Not to mention snow, ice, gravel, oil based jello(hee hee).
Sean


----------



## MisterMike (Feb 10, 2004)

> _Originally posted by Old Fat Kenpoka _
> *Think about all the Karate tournaments you've been to?  Ever see anyone fall down during sparring competition?  Yeah, me too.  Gee, and they weren't even fighting someone trying to take them down! *



Actually, they probably weren't even fighting. If that's what they take to the street, well.......


----------



## Touch Of Death (Feb 10, 2004)

> _Originally posted by MisterMike _
> *Actually, they probably weren't even fighting. If that's what they take to the street, well....... *


 Obviously your position(ha ha) on the subject is that you opponent will be hard pressed to get you down and then they will be rendered defensles by your minor move extraviganza. We come from a school of thought that there is no disgrace in being thrown. That is... we don't put up that little what, me, worry ? barrier that seems to permiate the mentalities of those who do stand up training. Its going to happen. Let the ground be your freind. Learn how to go right from the breakfall... or hope it doesn't happen. You decide.  :asian: 
Sean


----------



## rmcrobertson (Feb 10, 2004)

No, OFK, one does not. 

However, it does seem to be the case that these guys all need names like, "Vicious Spear of Death," to get through the day...and yet people laugh at Freud.

From now on, perhaps I'll borrow from Randy Newman and call myself, "Mighty Sword..."

And am I hallucinating, or did everybody on this thread pretty much agree some time back that y'all might get knocked down from time to time (or in my case, fall down...as in this one test, during which some really big putz threw me, spine first, into a bench one of the judges was sitting on...which is why I got up and chased him out the door), and it would behoove us a) not to freak, b) to be able to at least get back up?


----------



## psi_radar (Feb 10, 2004)

Those Bullshido guys ARE funny, but they take to criticism with a shotgun rather than a scalpel. I'm not a huge fan of "Rolling Thunder," but I think the first part has some merit. 

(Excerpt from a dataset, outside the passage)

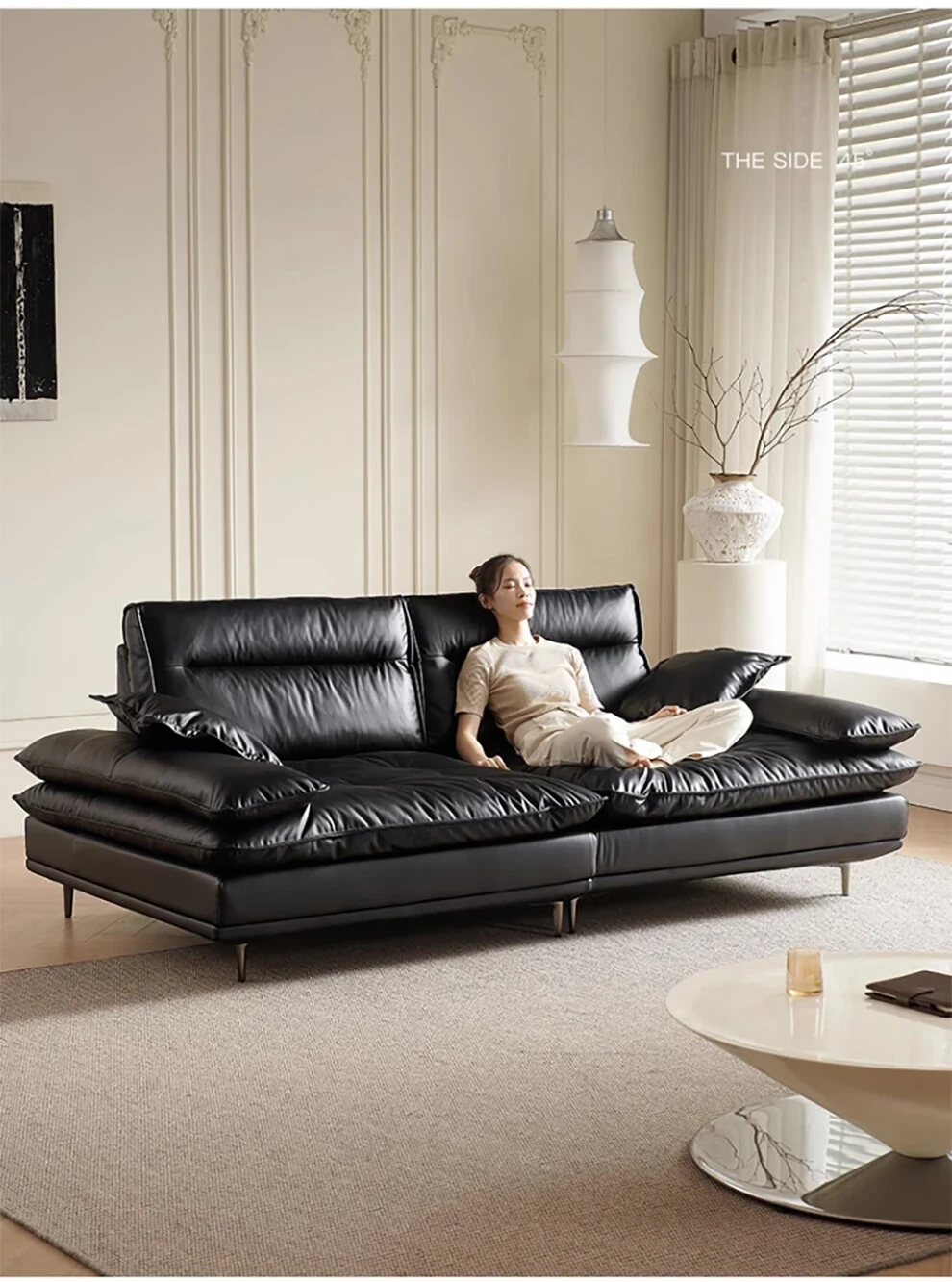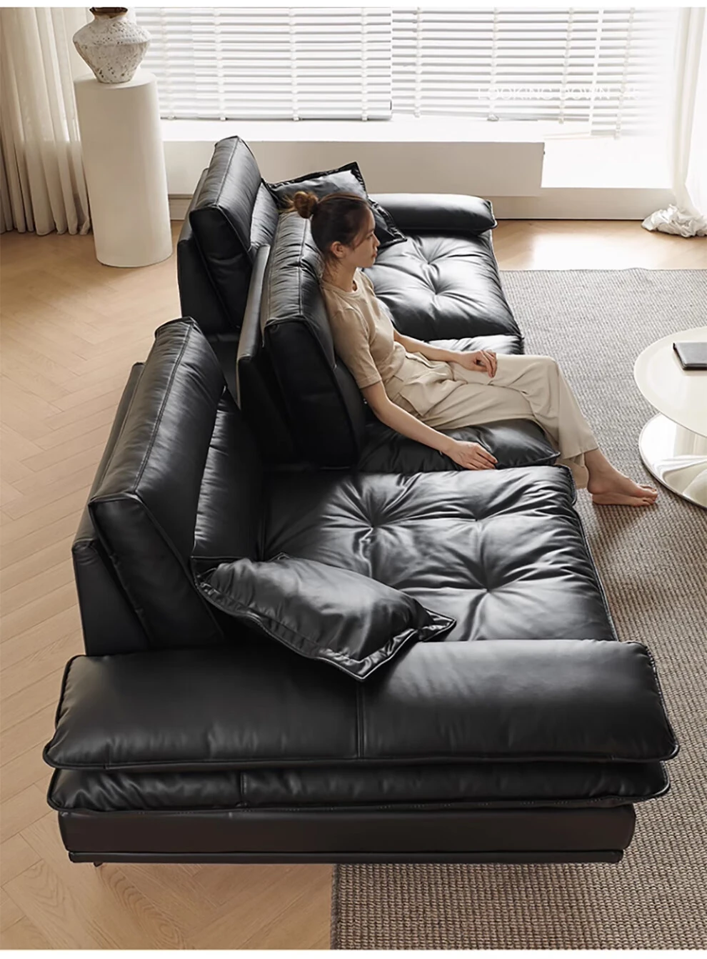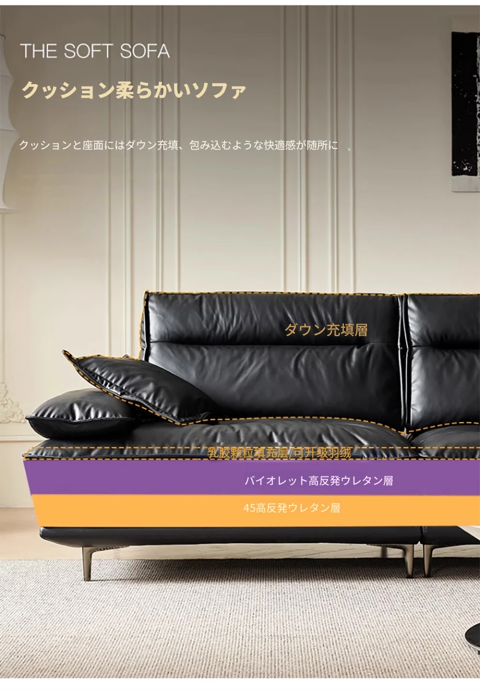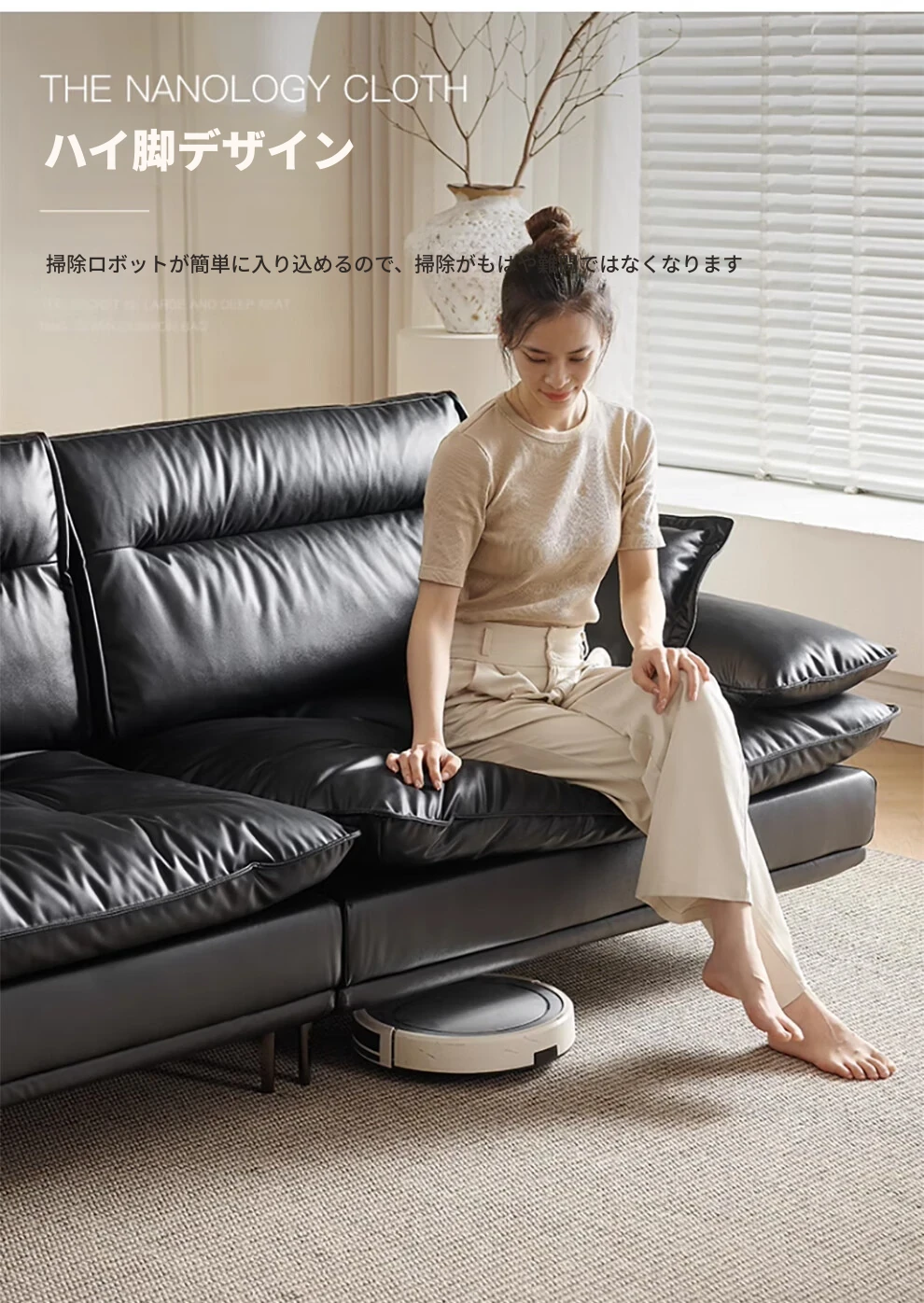 当店特选!深い座り心地と広々とした空間を実現する、移動可能な背もたれ付きの本革ソファ。洗練されたイタリアンスタイルで、リビングに上質な贅沢をプラス。ブラックレザーの美しさを体感してください!

It seems like the MMA and BJJ guys rank on us Kenpo guys for not addressing the ground game, then when someone makes an attempt, it's not good enough.


----------



## Fastmover (Feb 10, 2004)

> _Originally posted by psi_radar _
> * I'm not a huge fan of "Rolling Thunder," but I think the first part has some merit.
> 
> *



What do you feel is wrong with Rolling Thunder?

Thanks


----------



## psi_radar (Feb 10, 2004)

> What do you feel is wrong with Rolling Thunder?



Hoo boy. Ok, hopefully without getting into a whole new rigamarole, the first part is pretty textbook groundfighting, I just don't buy the "dance of death" part at the end. If the attacker's smart enough to get you in the mount to begin with, then they probably will hold the guard on you once you reverse them--and a good guard requires some skill and time to slip. 

Rolling Thunder seems to make the assumption that your first hits/reversal will allow you to pretty much skip away, hitting as you go, which I know is not always the case. Granted, this is a technique set in the ideal phase. I can see why it was formulated as it was--"Ok, when I'm in the guard, positionally, what Kenpo technique best fits the situation? Dance of death!" [The problem with this is that in dance of death, you are working from a takedown rather than coming up from the ground--rather than trying to rise, you're slamming downward. Quite different forces happening there.] 

In the most likely scenario, even if I slipped the guard I'd be more tempted to move to a leg lock, move to the mount or side mount, slam the groin with a knee or just stand up and get away. Any of those options seem more practical and possible to me.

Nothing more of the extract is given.